- **What this task involves**: Please repeat the data below exactly, with the pictures removed.

- **Supplied data**:

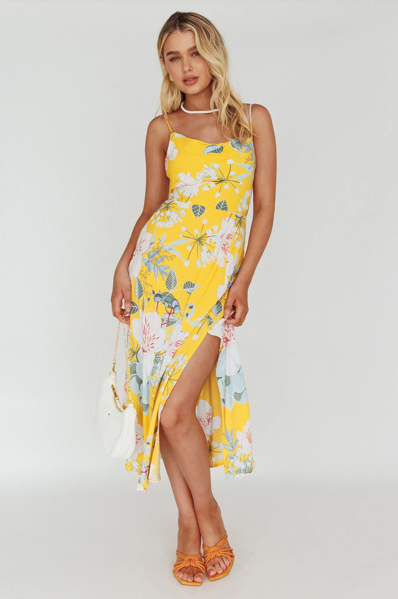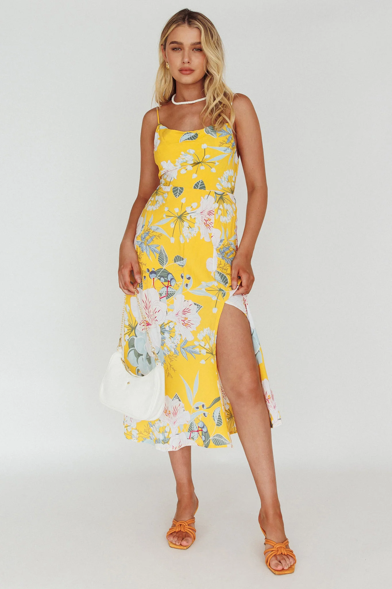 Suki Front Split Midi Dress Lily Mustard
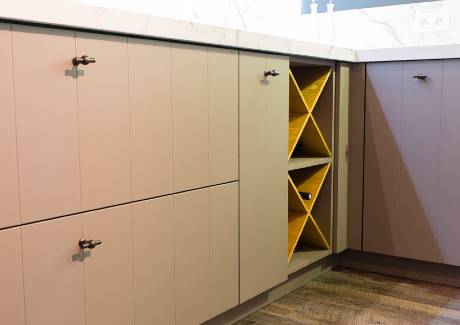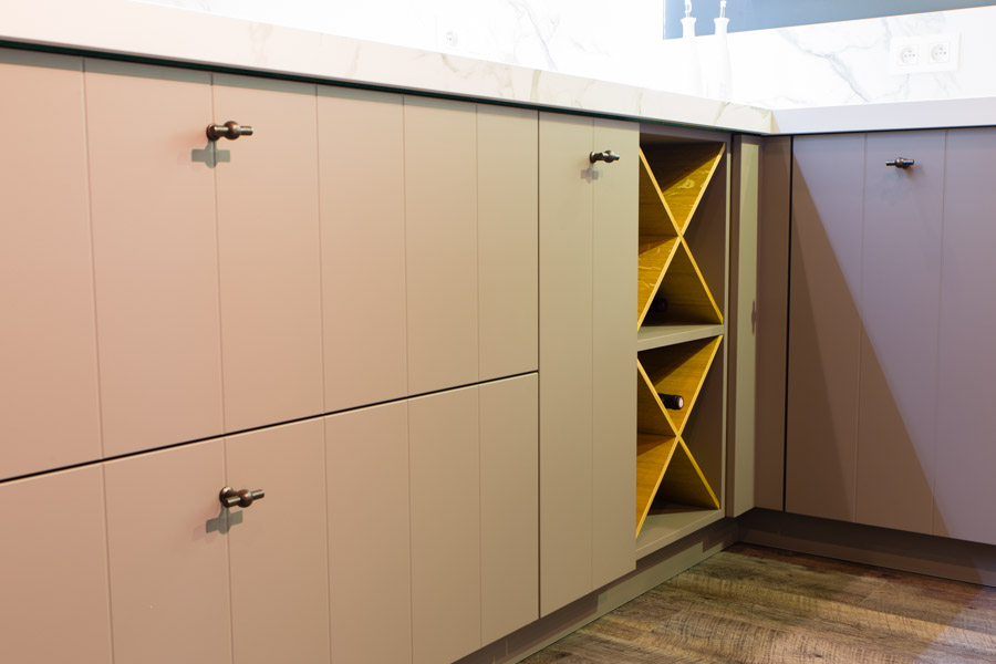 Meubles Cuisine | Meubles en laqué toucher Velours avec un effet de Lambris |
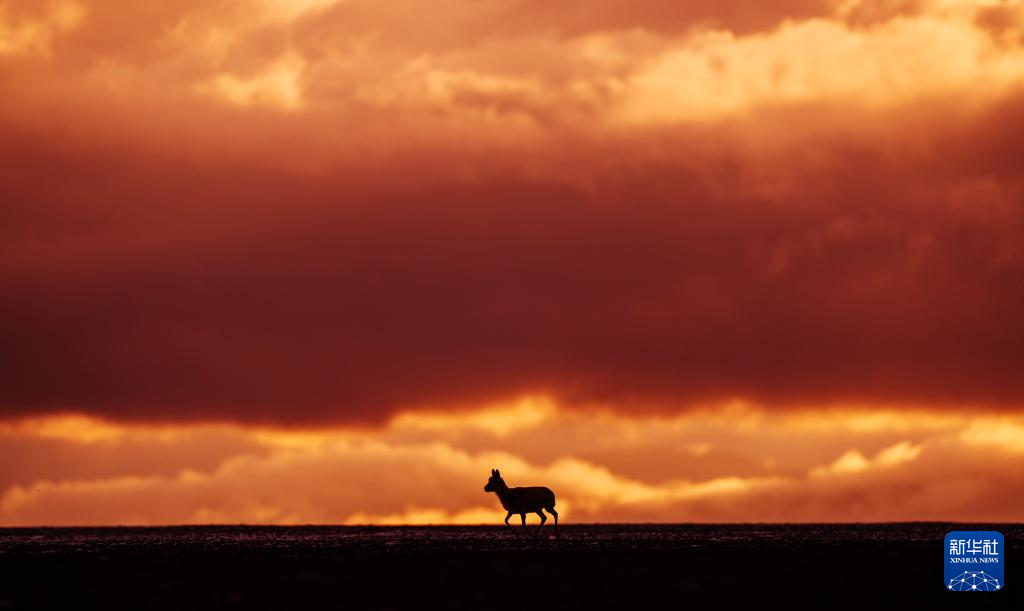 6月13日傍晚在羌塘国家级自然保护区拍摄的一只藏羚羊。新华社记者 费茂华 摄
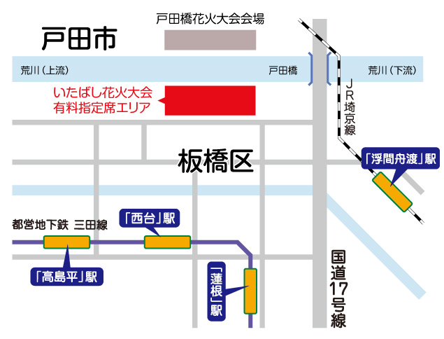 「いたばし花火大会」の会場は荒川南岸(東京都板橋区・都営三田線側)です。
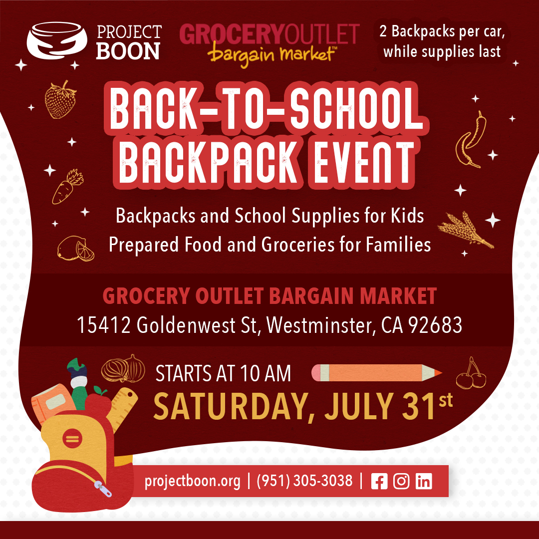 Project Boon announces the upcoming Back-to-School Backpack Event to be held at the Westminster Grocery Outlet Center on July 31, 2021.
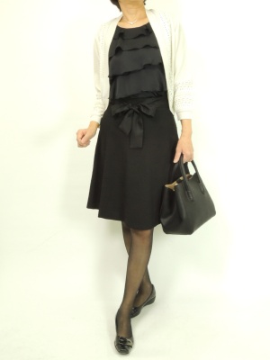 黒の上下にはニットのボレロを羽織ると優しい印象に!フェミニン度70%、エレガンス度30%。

- **Your solution**:
 Suki Front Split Midi Dress Lily Mustard
 Meubles Cuisine | Meubles en laqué toucher Velours avec un effet de Lambris |
 6月13日傍晚在羌塘国家级自然保护区拍摄的一只藏羚羊。新华社记者 费茂华 摄
 「いたばし花火大会」の会場は荒川南岸(東京都板橋区・都営三田線側)です。
 Project Boon announces the upcoming Back-to-School Backpack Event to be held at the Westminster Grocery Outlet Center on July 31, 2021.
 黒の上下にはニットのボレロを羽織ると優しい印象に!フェミニン度70%、エレガンス度30%。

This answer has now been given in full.